PROMPT:
Beneath this line are entries. Copy the range from the line with "Bright Basics™ Busy Barn" to the line with "Зразки документів з", ends included, exactly; leave pictures out.

RECORDED DATA:
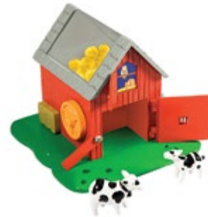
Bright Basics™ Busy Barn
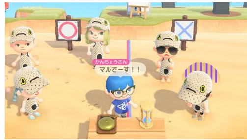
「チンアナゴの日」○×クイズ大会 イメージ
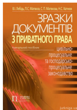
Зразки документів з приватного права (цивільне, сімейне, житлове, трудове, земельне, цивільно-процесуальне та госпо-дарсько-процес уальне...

---

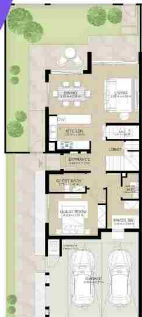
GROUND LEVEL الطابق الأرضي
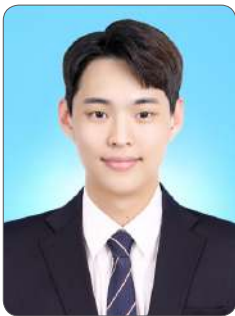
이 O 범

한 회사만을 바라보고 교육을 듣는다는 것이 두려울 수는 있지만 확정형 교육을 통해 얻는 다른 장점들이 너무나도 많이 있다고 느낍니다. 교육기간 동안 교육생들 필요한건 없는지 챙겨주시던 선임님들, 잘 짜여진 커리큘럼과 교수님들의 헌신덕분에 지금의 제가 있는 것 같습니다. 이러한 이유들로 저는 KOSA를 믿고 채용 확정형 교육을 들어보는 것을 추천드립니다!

==

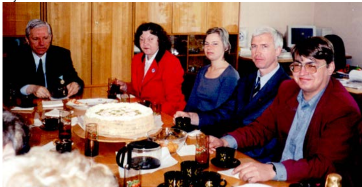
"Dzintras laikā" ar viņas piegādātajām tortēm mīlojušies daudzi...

RESPONSE FOR THIS EXERCISE:
Bright Basics™ Busy Barn
「チンアナゴの日」○×クイズ大会 イメージ
Зразки документів з приватного права (цивільне, сімейне, житлове, трудове, земельне, цивільно-процесуальне та госпо-дарсько-процес уальне...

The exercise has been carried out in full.